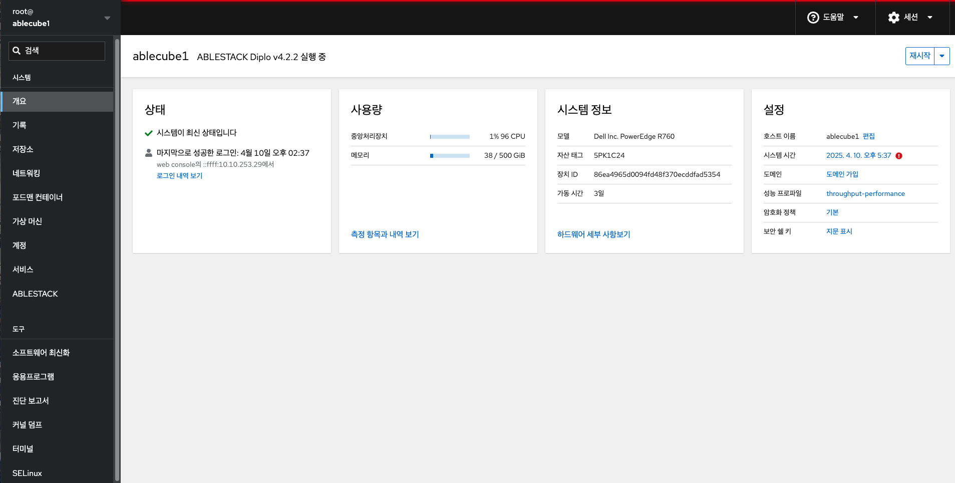 - Cube 대시보드는 관리자가 호스트의 정보를 한눈에 확인할 수 있도록 서비스의 상태, 자원 사용량, 시스템 정보, 설정 정보 등의 다양한 정보를의 제공하는 대시보드입니다. 이를 통해 운영자는 호스트의 전반적인 상태를 확인할 수 있습니다.
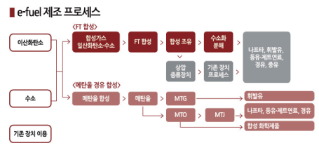 e-fuel은 메탄올(Methanol) 경유 프로세스의 조기 상용화가 기대되고 있다. 표, 그래프: <e-fuel 제조 프로세스> <화학저널 2024년 03월 04일> |
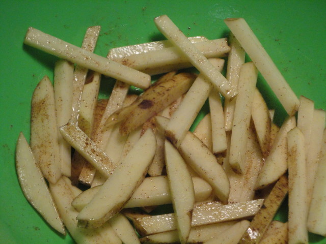 I started by cutting the potatoes into fries. You can peel them if you like, but I like the skins. I cut them into between a quarter-inch and a half-inch wide. Then I rinsed them and put them in bowl of water to soak. Soaking them extracts a lot of the starch, which we don’t want in this case. After 15-20 minutes, I preheated the oven to 450°F. Then I drained them and dried them well. Next, I put them back into the dried bowl, and tossed them with the oil and Cajun seasoning. I held off on the salt until the end.

####################

> WORK INSTRUCTIONS: The required answer is the material repeated exactly, with no images in it.

> FINISHED EXERCISE:
 - Cube 대시보드는 관리자가 호스트의 정보를 한눈에 확인할 수 있도록 서비스의 상태, 자원 사용량, 시스템 정보, 설정 정보 등의 다양한 정보를의 제공하는 대시보드입니다. 이를 통해 운영자는 호스트의 전반적인 상태를 확인할 수 있습니다.
 e-fuel은 메탄올(Methanol) 경유 프로세스의 조기 상용화가 기대되고 있다. 표, 그래프: <e-fuel 제조 프로세스> <화학저널 2024년 03월 04일> |
 I started by cutting the potatoes into fries. You can peel them if you like, but I like the skins. I cut them into between a quarter-inch and a half-inch wide. Then I rinsed them and put them in bowl of water to soak. Soaking them extracts a lot of the starch, which we don’t want in this case. After 15-20 minutes, I preheated the oven to 450°F. Then I drained them and dried them well. Next, I put them back into the dried bowl, and tossed them with the oil and Cajun seasoning. I held off on the salt until the end.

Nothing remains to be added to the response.